Introduction: The Origins of Divergence and Re-Convergence
The discipline of International Relations (IR) was birthed in 1919 (Linklater et al., 2013) owing to the during-and-post-First World War Wilsonian idealism, which sort to legalized international relations and politics by domesticating the international order with domestic legal principles as a panacea for an international perpetual peace. Wilsonianism defined IR for about two decades but was short-lived when another ‘Total War’ (Mahar, 2016) emerged in 1939. The consequent deconstruction of the ‘liberal dilutions’ (Meersheimer, 2001), which were termed utopian and responsible for the outbreak of the war by frontline first generation realists, among them Carr (1939) and Morgenthau (1948) who changed the environment that had, hitherto, presented a somewhat optimum condition for a coexistence between International Law (IL) and IR. Thenceforth, the legal and political spheres of the ‘international’ (Bentham, 1781) witnessed a period of mutual neglect (Slaughter et al., 1998, p. 393; Yamato & Hoffman, 2018, p. 1; Hathaway, 1991, p. 476) only to re-converge in the post-Cold War. Henceforth, an army of IR/IL inter-disciplinary scholars have emerged to speculate about the need for an IR and IL interdisciplinary discourse (IR/IL), not least, because it is perceived that to legalize politics and politicize law is the way to make international relations, and international law constitutes a fundamental state to attaining an ordered international society (Abbott & Snidal, 2013). The object of this paper is brief and twofold: To assess the areas/factors of ‘consensuses and ‘contestations’ (Mboya, 2020) between IR and IL ’interdisciplinarity’ (Yamato & Hoffman, 2008) and to provide a criticism of the pathway that the integration of such a dual agenda has since taken. Two primary texts are used: Yamato & Hoffman, 201 and Slaughter et al. (1998) alongside many other relevant works as can be found in the reference section.

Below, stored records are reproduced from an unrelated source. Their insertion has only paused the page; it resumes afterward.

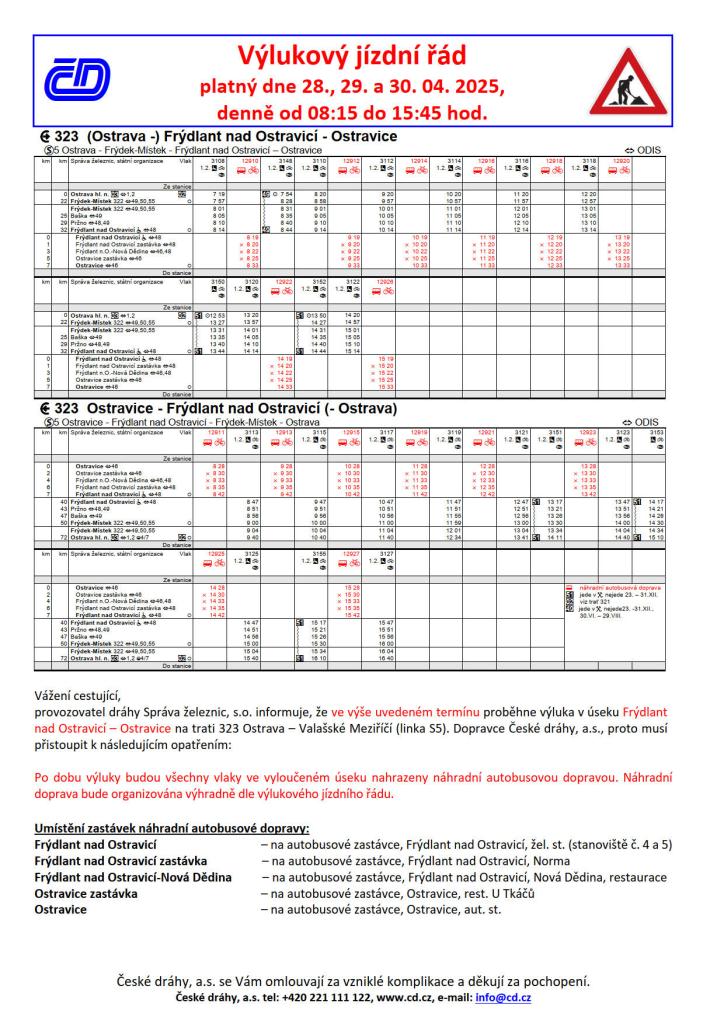 Výlukový jízdní řád na výluku v úseku Frýdlant nad Ostravicí - Ostravice .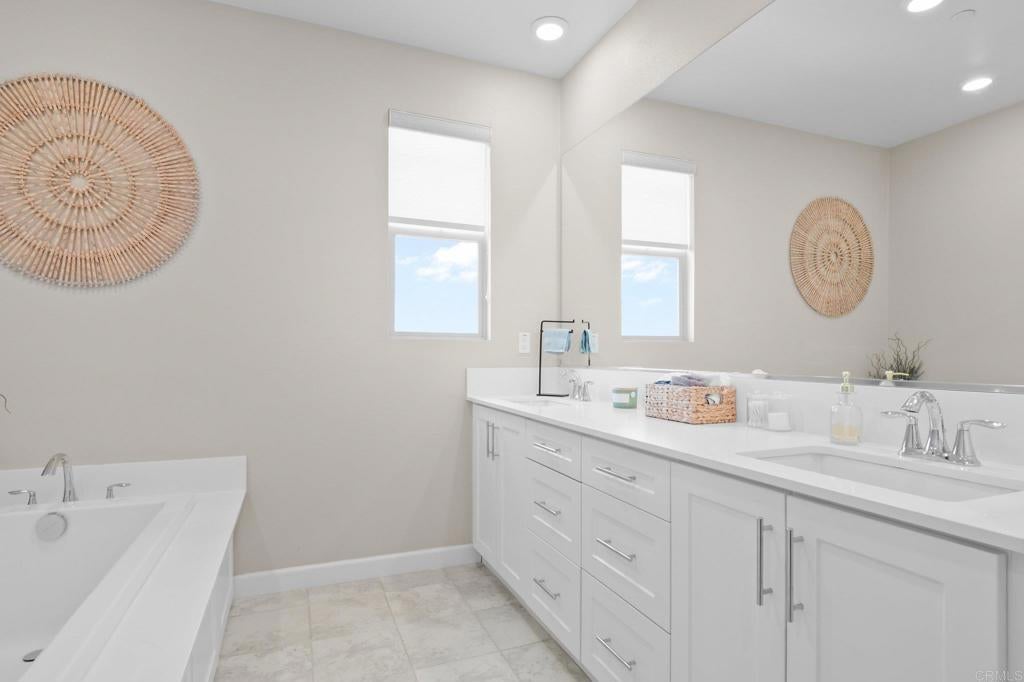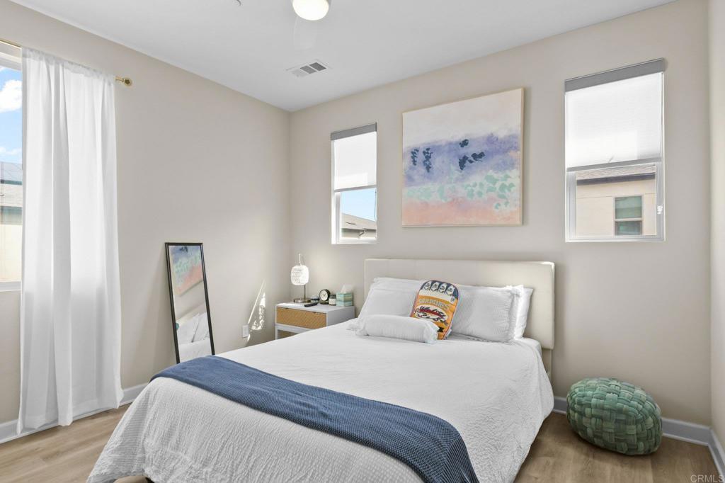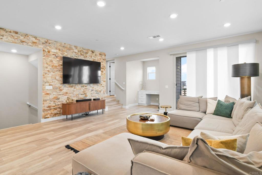 Beautiful Corner Townhome in Sought-After Millenia! Rarely available three-story corner unit in the highly desired Millenia community! This spacious townhome features an open-concept living area that seamlessly connects the living room, dining room, and kitchen perfect for modern living and entertaining. The chef’s kitchen boasts elegant quartz countertops, shaker cabinets, a custom wood island, and stainless steel appliances. Natural light pours in through large windows and the balcony off the living room, highlighting the home’s beautiful custom stacked-stone accent wall. Enjoy energy efficiency with paid solar and a tankless water heater to help lower monthly costs. The first floor offers a full bedroom and bathroom with its own private patio ideal for guests or multigenerational living. Upstairs, you’ll find three additional bedrooms, including a stunning primary suite with a walk-in closet and a luxurious bathroom. The laundry room is conveniently located on the top floor. Step outside and enjoy everything Millenia has to offer a sparkling pool, parks, dog park, community garden, and more. All just minutes from Otay Ranch Town Center, dining, and freeway access.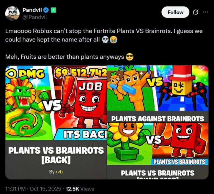 Итак, моя игра, Plants vs Brainrots, наконец-то вышла в Fortnite 15 октября, и, честно говоря, я не удержался, чтобы немного подколоть ситуацию с версией для Roblox. Просто показалось, что это подходящий момент, чтобы всё признать!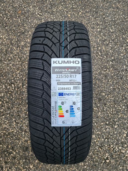 Nove zimske gume Kumho Wintercraft WP52+, dimenzije 225/50/17. Gume su nove s naljepnicama, novi model u odnosu na WP52, nikad montirane na vozilo, svježi DOT. Mogućnost montaže. Cijena po komadu 92 eura.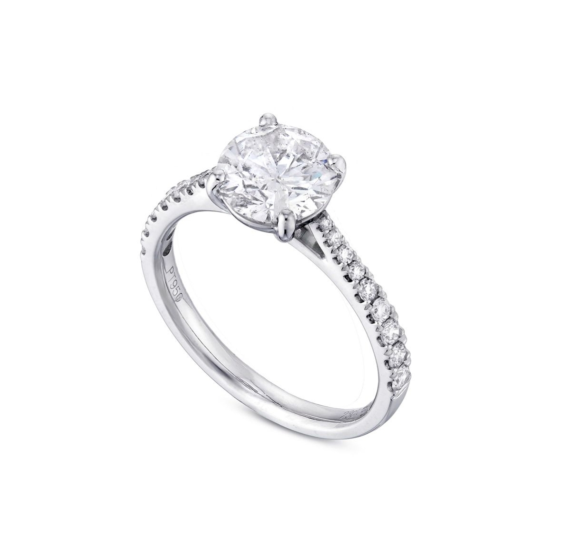 The shoulders are adorned with a refined cluster of brilliant-cut diamonds totalling 0.23ct, with clarity grades ranging from VS2 to SI1 and colour grades of G–H. These carefully set accent stones enhance the ring's overall radiance, adding subtle complexity and sparkle while maintaining a balanced, timeless design that complements the prominence of the centre diamond.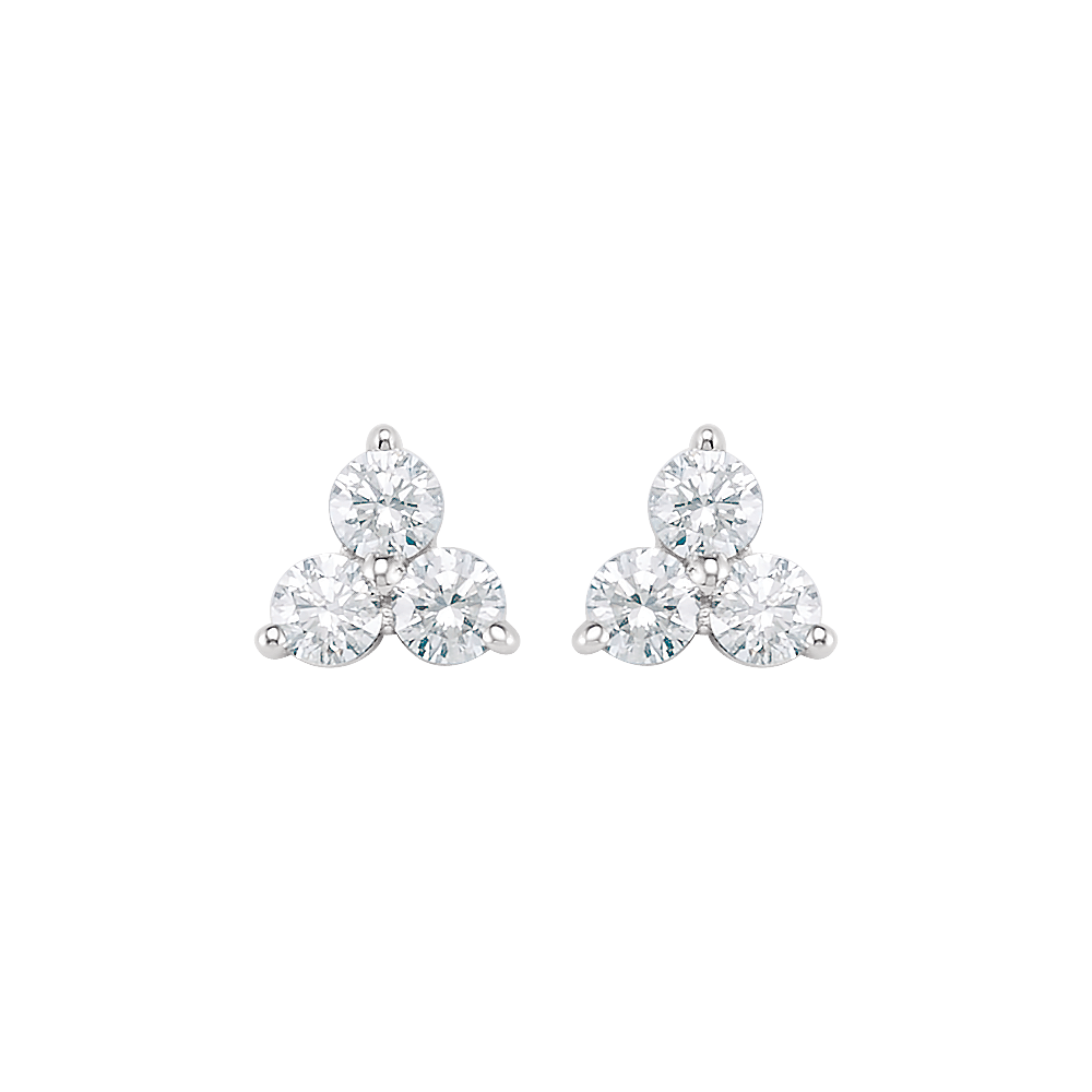 Three Stone Diamond Stud Earring

In the following section, three areas of convergence and four areas of divergence between IR and IL are discussed. The areas of convergence or consensus include a) the need to broaden the theoretical lenses in IR and IL, b) need for more nuanced explanations of the outcomes of international affairs, c) and a quest for a common research agenda. Areas of contestation are discussed under the following headings a) the fear for an interdisciplinary colonialism, b) the perceived impossibility of an epistemological union, c) the difficulty for scholars to operate as both IR and IL specialists and finally d) the fear the fact that each discipline has its own intra-disciplinary divergences. These are discussed below.
Areas of Consensus
Need to Broaden the Theoretical Toolkits of Each Discipline for Problem Solving
The interdisciplinary discourse between IR and IL has the same aim that any other inter-disciplinary interactions, say IR and global political economy or global environmental politics seek to attain: The need to broaden theoretical toolkits from both ends of the spectrum to capture the new worlds that the other partner brings in Slaughter et al. (1998, p. 367-378) contend that IL specialists use IR theories to extend theirs in order to achieve three things: Extend their diagnosis framework of international events and sort for solutions to them; to explain the function and structure of international institutions; and to define and reexamine the whole regime of international law. It is clear from their assessment that IL theory as constituted (at the time of their writing) was unable to direct practical investigations of these three broad but core areas. Yamato & Hoffman (2008 p. 3-11) support this observation when they aver that the European version of IL has borrowed from the ‘alternative approaches to international theory’ (Smith & Owens, 2005, p. 271-293), which informs critical legal analysis, which in turn informs critical approaches in IR.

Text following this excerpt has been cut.